Not if the problem is over fitting, which would be the most likely issue. Sure, what you’re saying is theoretically possible, it always is, but in all honesty it seems vanishingly so here

[Edit: just to make it explicit, in my experience a small test cohort tends to stack the deck against you in terms of being able to achieve similar performance as in the training, rather than the other way around]

 

[EndME]

Well they're basically models trained in different ways, pulling out different genes. If they included some other third random ML model that also didn't do better than chance, that wouldn't make me more confident about the one that did. Isn't it possible that by chance one model returned genes also found in the test cohort while the other didn't?

I think we'd know a lot more if there were more details on some things. In some of their other studies the authors tend to be more explicit, so likely keeping things short is all an artefact of getting everything fitting into the right journal, but then again we've also seen ML researchers who play around with a multitude of different things and where things only end up working out with the exact choices that are eventually made.

 

[Jonathan Edwards]

But what was the evidence for synapses before this?
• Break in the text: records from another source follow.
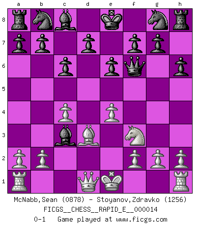 Last move : 0-1 2009 April 9 11:23:5 [Event "FICGS__CHESS__RAPID_E__000014"] [Site "FICGS"] [Date "2009.04.04"] [Round "1"] [White "McNabb,Sean"] [Black "Stoyanov,Zdravko"] [Result "0-1"] [WhiteElo "0878"] [BlackElo "1256"] 1.d4 c6 2.c4 h6 3.Nc3 e6 4.e4 Bb4 5.Bd3 Bxc3+ 6.Bd2 Bxd4 7.Bc3 Qf6 8.Nf3 Bxc3+ 0-1 Queen's pawn Player Black won this chess game. Follow this game move after move (download)For surely of all the drugs in the world, Chess must be the most permanently pleasurable. (Assiac) Schach wird sich dank seiner hohen kulturellen Tradition immer durchsetzen. In näherer Zukunft womöglich sogar als Gegenreaktion auf die maßlose Reizüberflutung im Freizeit- und Spielbereich. (Garry Kasparov) El Ajedrez se juega con la mente... ¡no con las manos!. (Renaud y Kahn) La conception d'un plan est le processus par lequel un joueur exploite les avantages de sa position tout en s'efforçant d'en réduire au minimum les inconvénients. Afin de garantir le succès, un plan doit toujours se fonder sur un diagnostic objectif des particularités d'une position. La conception d'un plan est d'autant plus difficile que la position est équilibrée, et grandement facilitée lorsqu'il n'existe qu'un seul plan susceptible de répondre aux exigences de la position. (Harry Golombek) Don't anthropomorphize computers - they hate it. (Anonymous)
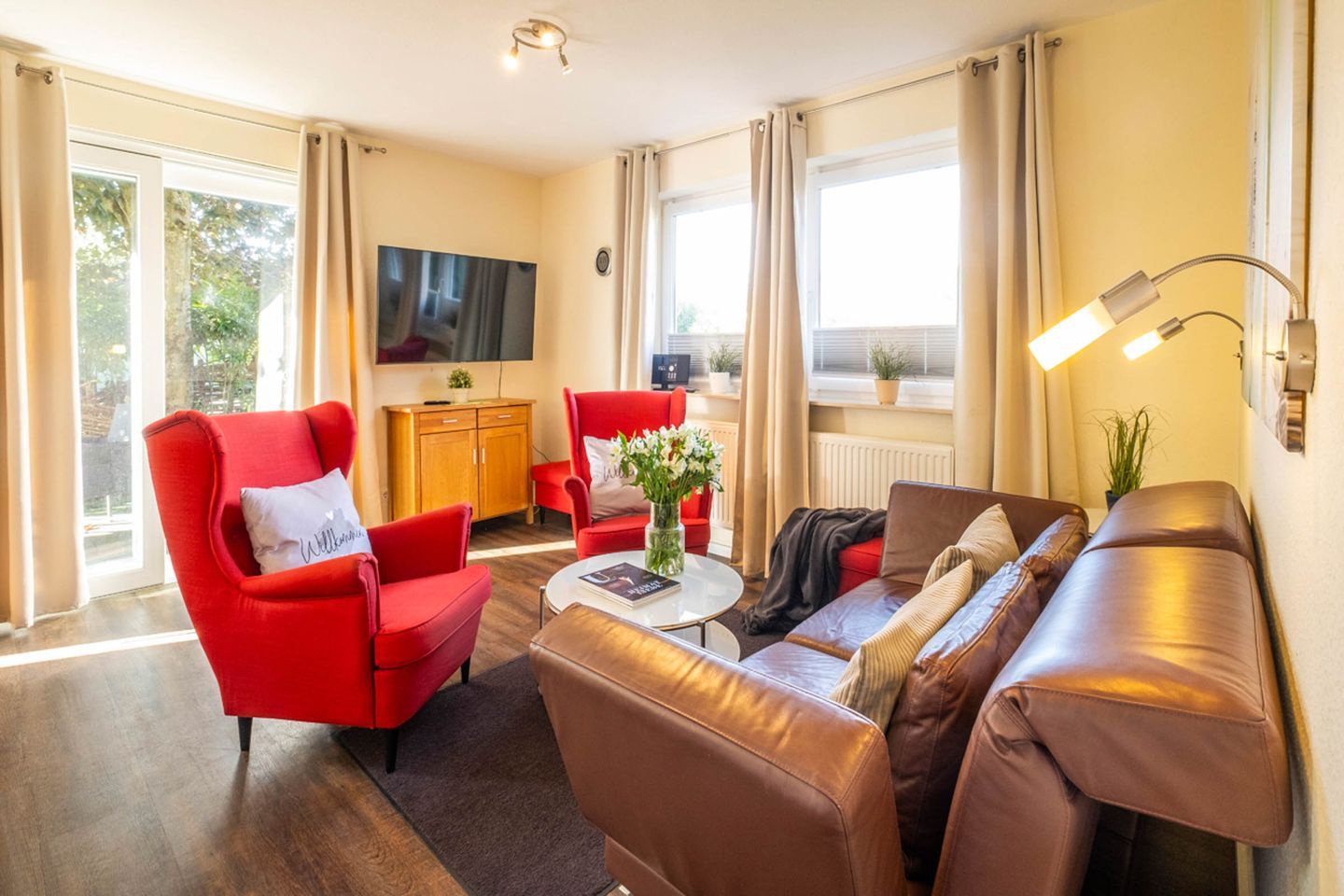 Die Terrasse im Erdgeschoss ist ideal, um die frische Nordseeluft zu genießen oder einen entspannten Tagesausklang zu verbringen. Der zur Wohnung gehörende Parkplatz gewährleistet, dass Sie Ihr Fahrzeug sicher und bequem abstellen können.
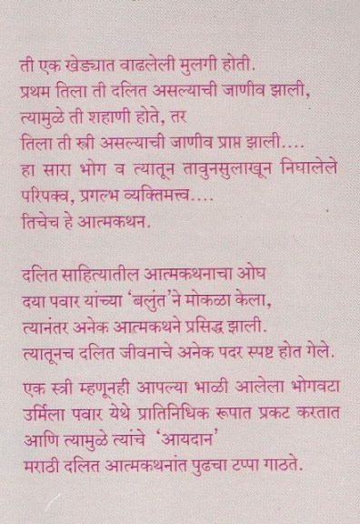 ती एक खेड्यात वाढलेली मुलगी होती. प्रथम तिला ती दलित असल्याची जाणीव झाली, त्यामुळे ती शहाणी होते, तर तिला ती स्त्री असल्याची जाणीव प्राप्त झाली...हा सारा भोग व त्यातून तावूनसुलाखून निघालेले परिपक्व, प्रगल्भ व्यक्तिमत्त्व... तिचेच हे आत्मकथन.
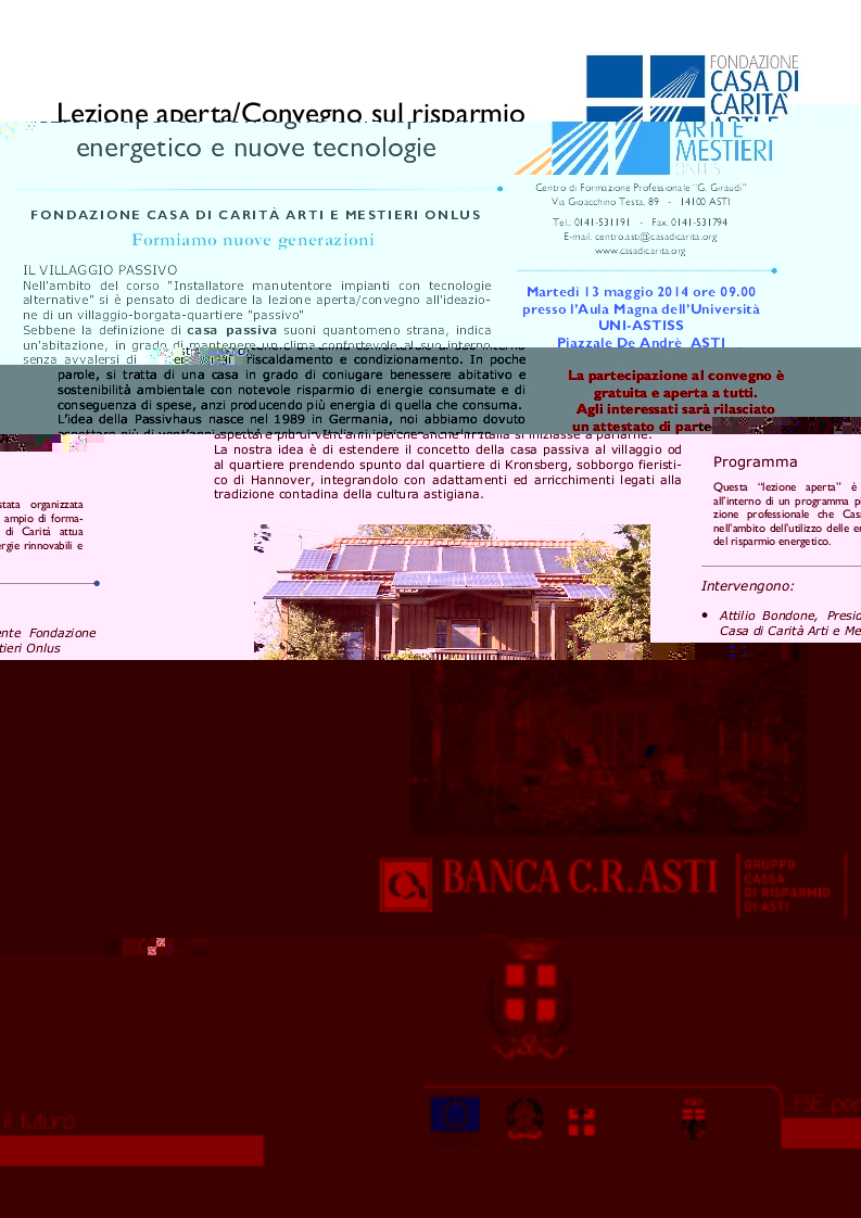 Lezione/Convegno sul Risparmio Energetico presso UNIASTISS - Asti 12 maggio 2014
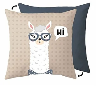 GEDA LABELS 12027 poduszka Lama - "Hi", przód z motywem, tył jednokolorowy, ok. 40 x 40 cm, niebieski/beżowy
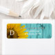 Crie seu próprio monograma, rústico, etiquetas de endereço de retorno de chá de girassol de madeiras rústicas. À esquerda está um monograma inicial centrado em um girassol amarelo-país no canto. À direita estão os nomes personalizados e o endereço do casal. Nota: Todas as imagens são impressas. Não madeira real. Pronto para personalizar o que você quiser- adicionar data, qualquer texto personalizado que você preferir. Rótulos de endereços iniciais de retorno do monograma russo country para amantes e jardineiros da natureza ao ar livre, mas também etiquetas de casamento perfeitas de noiva e noivos para temas de cor da turquesa de casamento rústico, casamentos populares de florestas boêmicas, casamentos temáticos ocidentais, casamentos de celeiros, casamentos outono ao ar livre e etiquetas de casamentos de países.
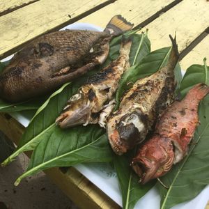 カヤンゲル島までの距離はありますが、途中の自然保護区でのシュノーケルはまるで竜宮城!透明度も良くサンゴもきれいだし、魚の種類も豊富で今回もナポレオンフィッシュに出会えました❤︎その後、ボートから手釣りにチャレンジ。お魚が釣れないとランチが寂しくなるのでみんな意外と必死です(笑)。今回は4匹と不漁でしたが、場所を2回も変えてくださって十分、楽しむ事ができました。
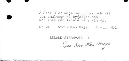 //// o //// A Stor-Olas Maja var roder och vit //// •som smultron på nyfallen snö. //// 0 "•Ö*. Q //// Men inte nan friare vaga sig dit Nr 24 Stor-Olas Maja. 4 str. Mel. //// ZELAND-STERNVALL I ////
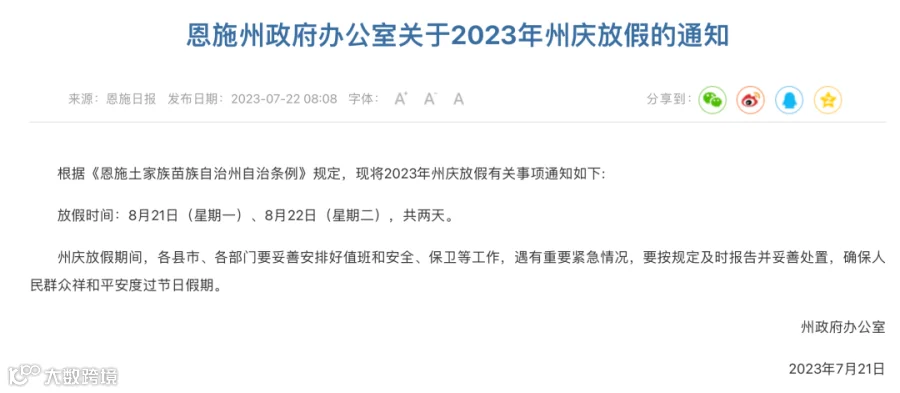 此前,7月21日,恩施州政府办公室就已发布州庆的放假通知。《通知》称,根据《恩施土家族苗族自治州自治条例》规定,2023年州庆放假时间为8月21日(星期一)、8月22日(星期二),共2天。
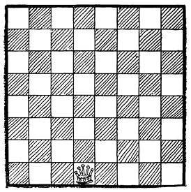 Отметьте путь ферзя на доске и проследите за тем, чтобы он ни разу не пересек собственный след. Это кажется довольно простым, но читатель, быть может, обнаружит, что он попался в ловушку.
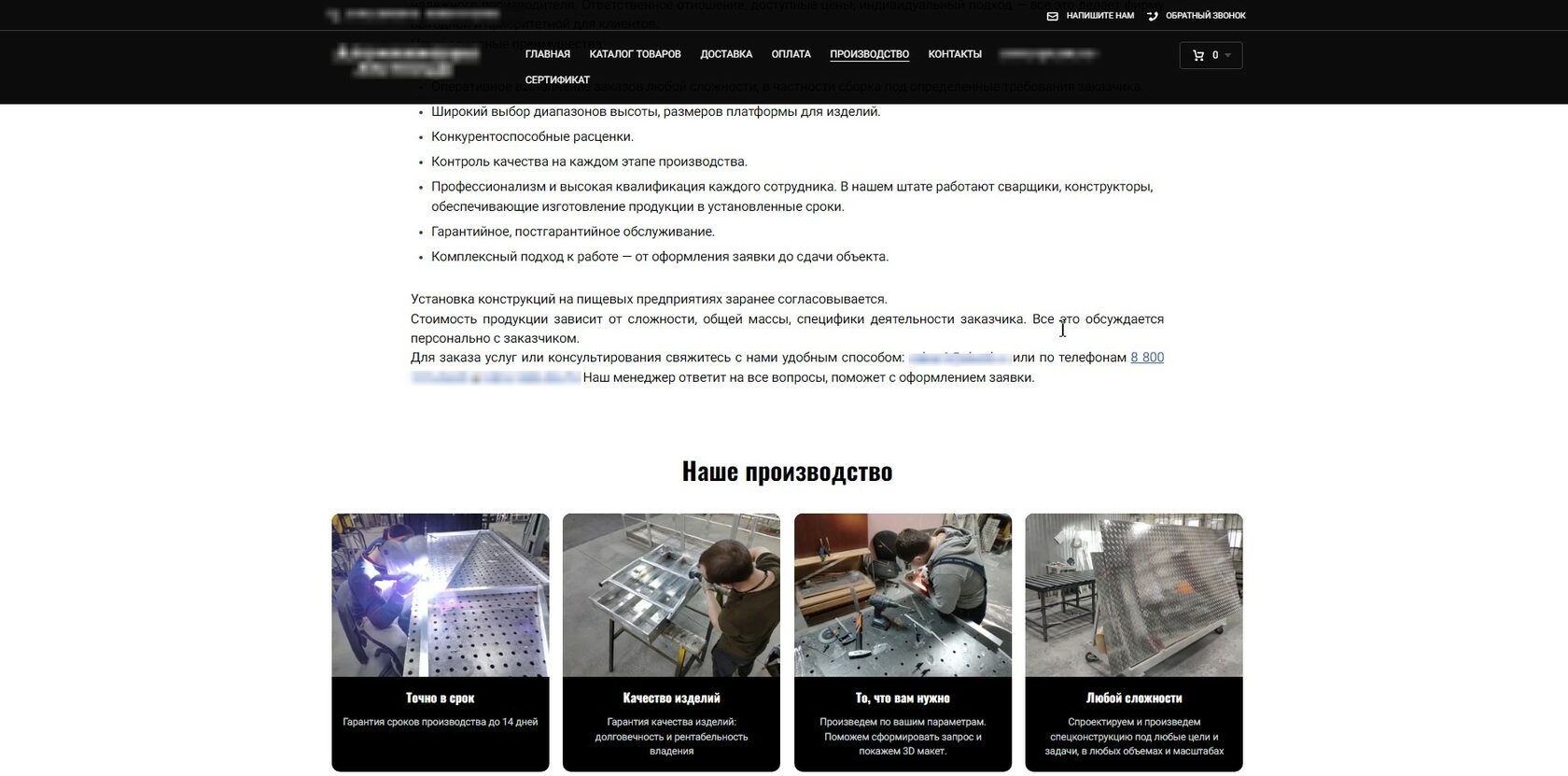 Прописали УТП, исправили тех ошибки, подключили web аналитику, добавили визуализацию процесса производства. Сформировали валидный товарный фид и выгрузили для Яндекс Webmaster и 2ГИС. Подключили формы захвата, сделали кликабельными номера телефонов. Настроили проброс заявок в CRM.

That ME/CFS has a dynamic that is hard to explain other than on the basis of complex regulatory systems such as immune and CNS and some of the symptoms are hard to explain without at least invoking some form of sensory nerve sensitisation. When members of the forum published a review of 'The Biomedical Challenge of ME/CFS - a Soluble Problem" in 2016 we concluded that it probably involved both immune and CNS regulation. I would not necessarily have predicted a genetic risk for the neural side but it is exactly what one would have predicted if anything.

I recently went back to a post I put up about a year ago and noted that I had proposed - as a best guess - that some form of sensitivity of neurons to gamma interferon would best explain things.

So the evidence for synapses was the clinical pattern of disease itself.